Configure workflow/pipeline tests using yaml files.
https://pytest-workflow.readthedocs.io/en/stable/
GNU Affero General Public License v3.0
63 stars 9 forks source link

Add a pytest-workflow generate command line function #193

Open rhpvorderman opened 5 months ago

rhpvorderman commented 5 months ago

Command line invocation:

pytest-workflow-generate tests/test_bla.yml my_name command --flag --another-flag settings/settings.json myworkflow.format

First argument is the test file to generate. Second argument is the test name. All the other arguments are treated as the command argument.

Resulting yaml:

- name: my_name 
  command: "command --flag --another-flag settings/settings.json myworkflow.format"
  files:
    - path: relative/to/workflow/output/dir/my_file.txt
      md5sum: "abcdef0123456789"

Etc.

This is especially useful for generating all the file paths. stdout and stderr are omitted as these contain timestamps and dates.

This feature is inspired by nf-tests snapshot function.

@DavyCats, @Redmar-van-den-Berg what do you think of this?

Redmar-van-den-Berg commented 5 months ago

It would be neat to have a way to generate tests, or at least the file paths that are produced. However, I'm not a big fan of testing for the checksum of the output files, since it is impossible to tell what went wrong when it changes.

How about adding a "contains" for the first line of the file? That way you can also include a test for stderr and stdout.

rhpvorderman commented 5 months ago

However, I'm not a big fan of testing for the checksum of the output files, since it is impossible to tell what went wrong when it changes.

I agree. However, it is trivial to delete the md5sums afterwards if you don't need them. If you want a bit-for-bit reproducible workflow it is quite useful that this work is already done.

So, this should be a CLI option? pytest-workflow-generate --md5sum will get you all the md5sums? That sounds like an excellent idea.

How about adding a "contains" for the first line of the file? That way you can also include a test for stderr and stdout.

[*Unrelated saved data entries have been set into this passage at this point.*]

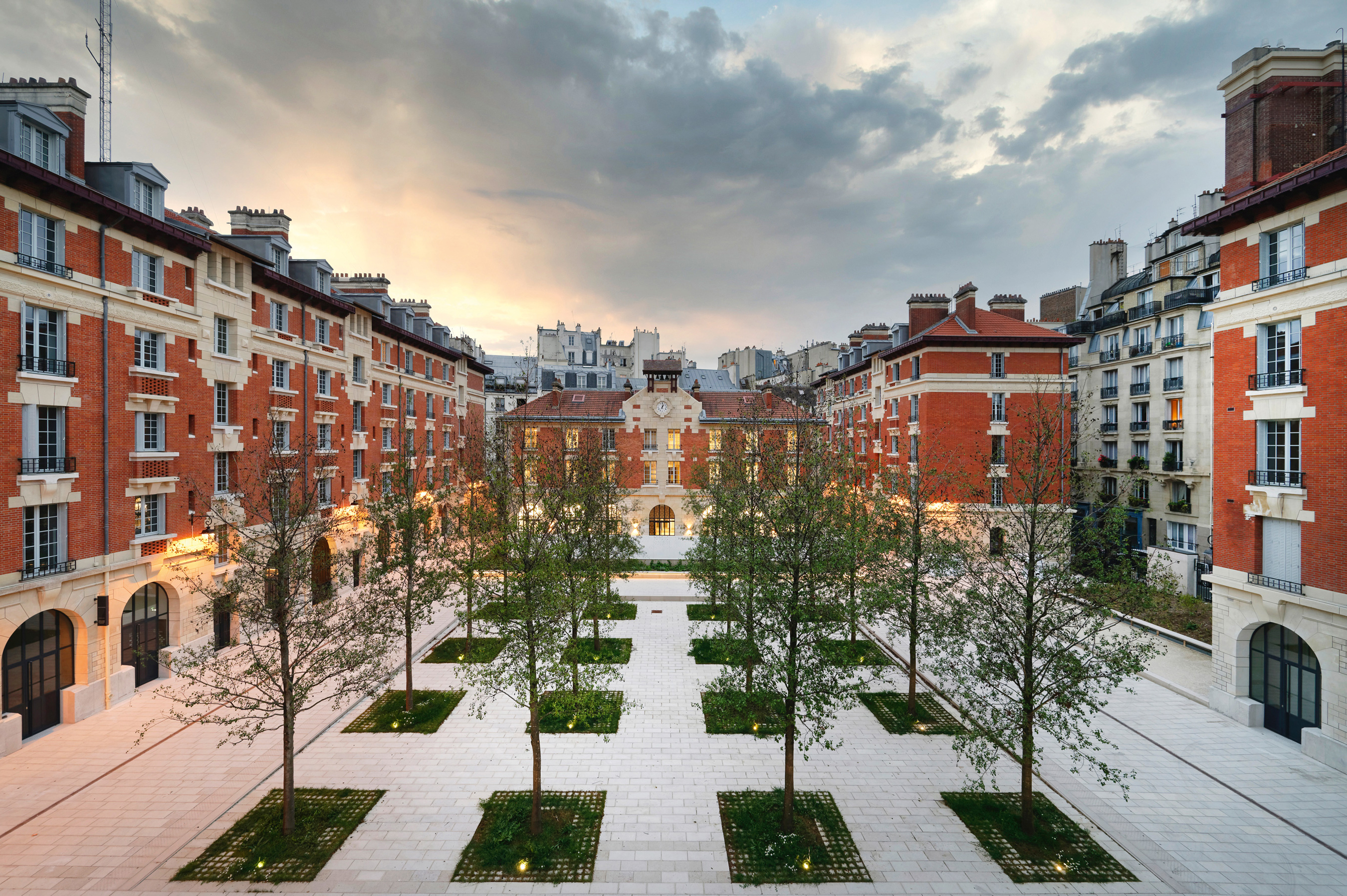 L’ancienne caserne de gendarmerie abrite désormais 70 logements sociaux, une crèche, des ateliers d’artisans et des commerces. Au centre de l’îlot, la place d’armes s’est muée en cour plantée, ouverte à tous. Photo ©Augusto Da Silva.
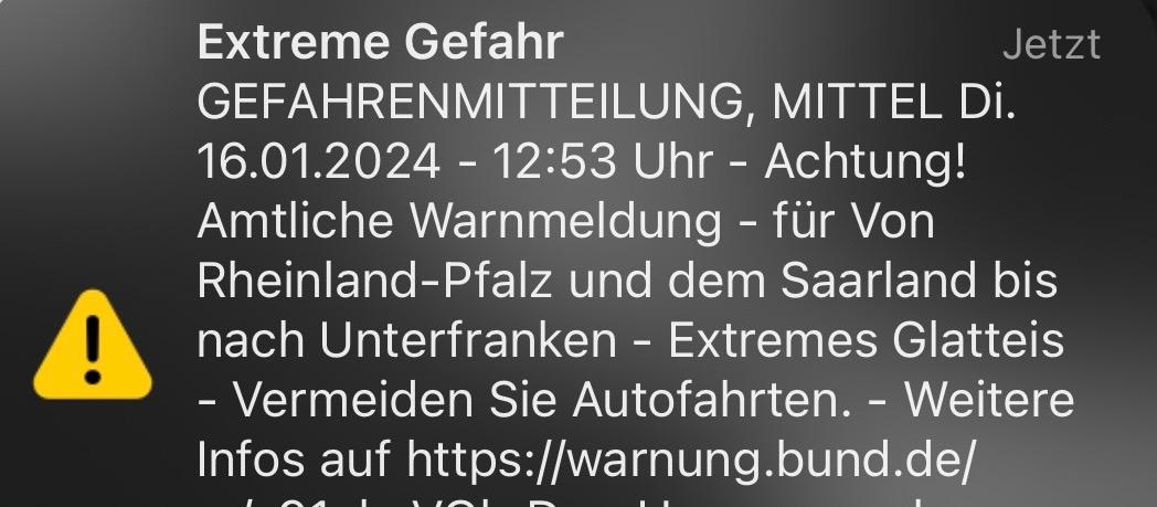 ich bekam eben mit einem irrsinnigen Piepsen eine Gefahrenmitteilung aufs Handy. Auch hier wird vor Schnee bzw. Glatteis gewarnt. Es scheint die Sonne bei mir, +4 Grad. Seltsam sowas…
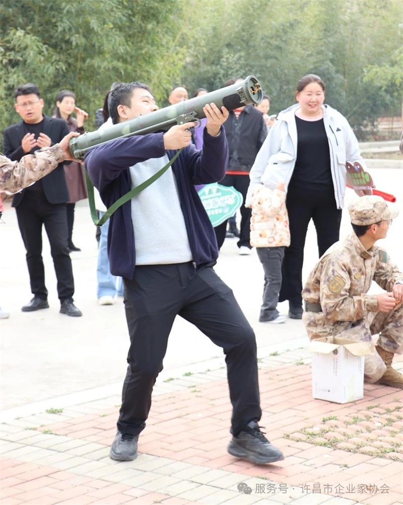 活动伊始,企业家们来到许昌玖零教育实践基地,瞬间被丰富多彩的实践基地所吸引,许昌玖零教育实践基地总经理张磊简单介绍基地情况后,大家随后跟随教练员的脚步,参观了基地的实践活动场地、食宿环境等,感受了浓厚的爱国主题企业文化。部分企业家还亲身体验了发射火箭炮的紧张与刺激,对基地的实践活动赞不绝口。

That would be ##fileformat=vcf4.4 or something and for cutadapt: This is cutadapt 4.2. Not very informative, and also prone to breaking tests when program versions are upgraded. I like the idea of automating some of the tediousness out of creating contains tests, but it is really hard to come up with a good universal criterion.

Redmar-van-den-Berg commented 5 months ago

Ideally, we would only generate tests that we know will pass, but of course we cannot even know that the same files will be generated when you run command a second time. Although I think it is sensible to assume that the paths will be the same, and those are also the most annoying to type in manually.

Additionally, we can allow the user to specify if they want additional tests on the files, like --md5sum or --contains, --contains-regex etc.